Assume for the moment, that we could have a single-payer solution and universal coverage with zero administrative costs. We would have received a one-time savings. But would we still have a healthcare cost problem? Would healthcare costs continue to rise faster than the rest of the economy? Clearly yes. And therein lies the problem. Because as this new administration-free, single-payer system consumed an increasing share of gross domestic product, eventually the rest of the economy, the taxpayers would limit the resources available to healthcare
As I discussed before, I've never found the administrative cost argument compelling except in the extreme short term. If single-payer advocates were actually able to make the sale to the American public, they would shortly thereafter find themselves accused of a "bait and switch" because the core costs, for healthcare services would continue to grow faster than the rest of the economy and there would be little alternative but to impose administrative controls on service, both raising administrative costs and creating exactly the sort of problems they had promised to avoid. Not a pretty picture.
Any credible reform proposal must include the means by which core healthcare cost growth will be constrained to some fixed percentage of our society's economic capacity or it will necessarily fail.

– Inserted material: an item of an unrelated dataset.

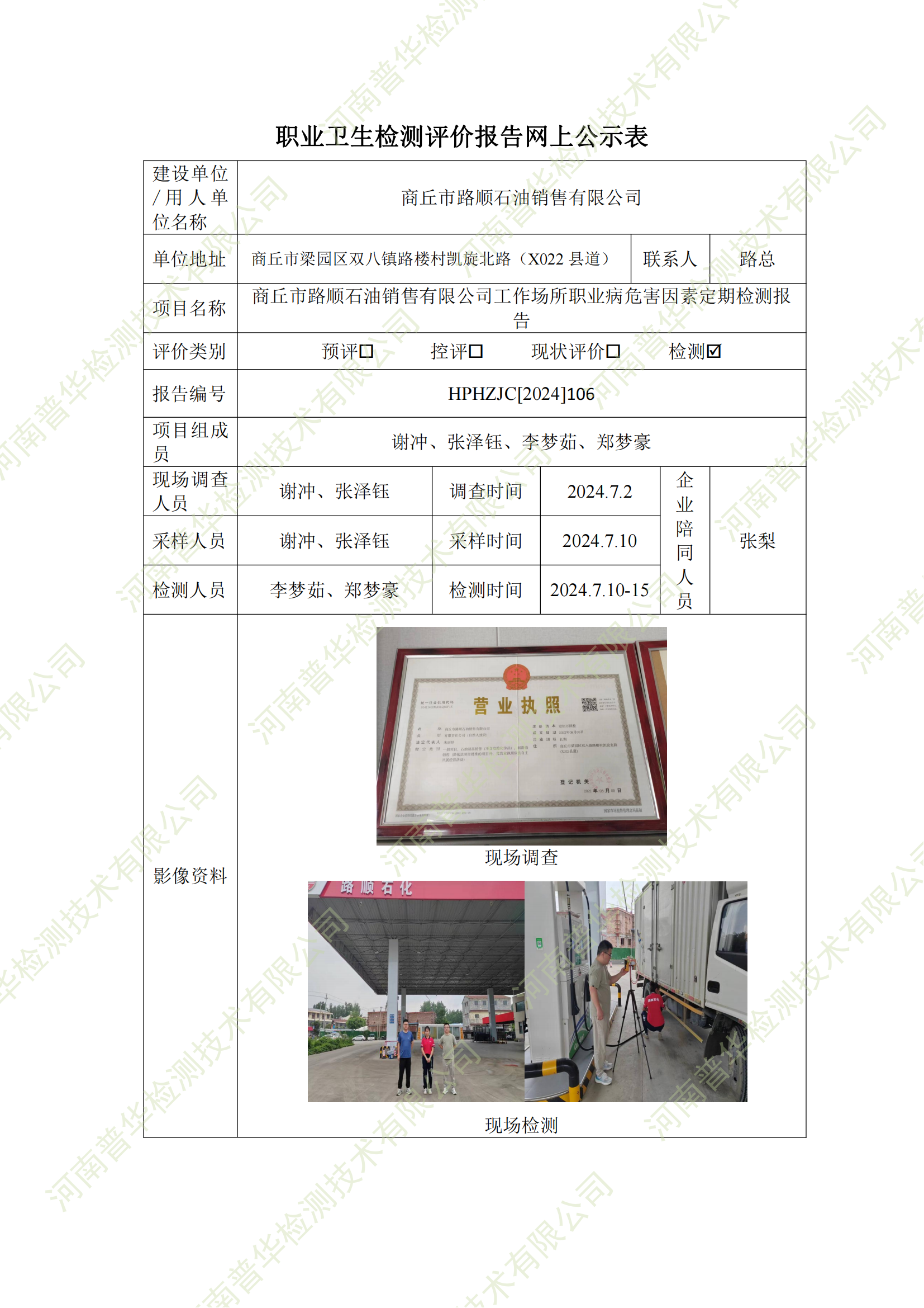 商丘市路顺石油销售有限公司工作场所职业病危害因素定期检测 点击次数:1067 次
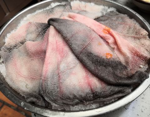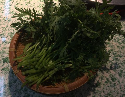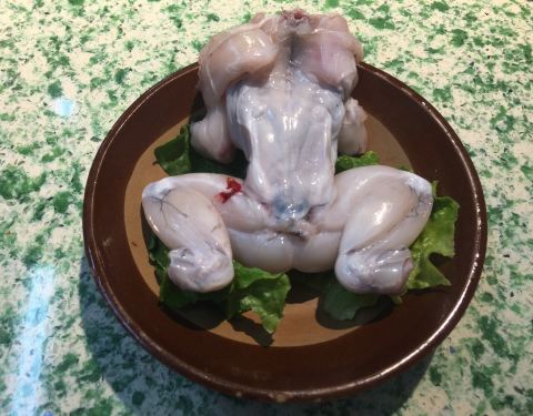 不过比那些平铺一层薄薄的实在些 鲜虾 个头不错 但是烧煮后有点碎 牛蛙 冰冻款 和外面差不多 蓬蒿菜

Even my own discussion of the importance of finding the Mama Bear "just right" levels of healthcare service use does not yet address how. But we must openly and directly address how we would do this
Any universal coverage system must directly face up to how the core costs will be controlled. This can be done bureaucratically or it must leave individuals and families the ability to choose among different systems of care and financing and do so with a financial incentive that creates a counterbalance to healthcare's core inflationary forces. Individuals and families must play an active role in the choices that affect them and their decision making must include personal trade-offs regarding service choice and cost. Even more than in the present system, in a healthcare system with universal coverage, core healthcare costs will be controlled by the rest of the economy. This can be done arbitrarily to patients and physicians and I fear that arbitrary means will be the only ones available in a single-payer system. We must find functional and politically acceptable means of restraining growth in core healthcare costs. At best, tinkering solely with administrative costs avoids finding a solution to the more serious problem, even worse, it's a distraction. Worst of all, it may undermine our ability to confront the greater challenges.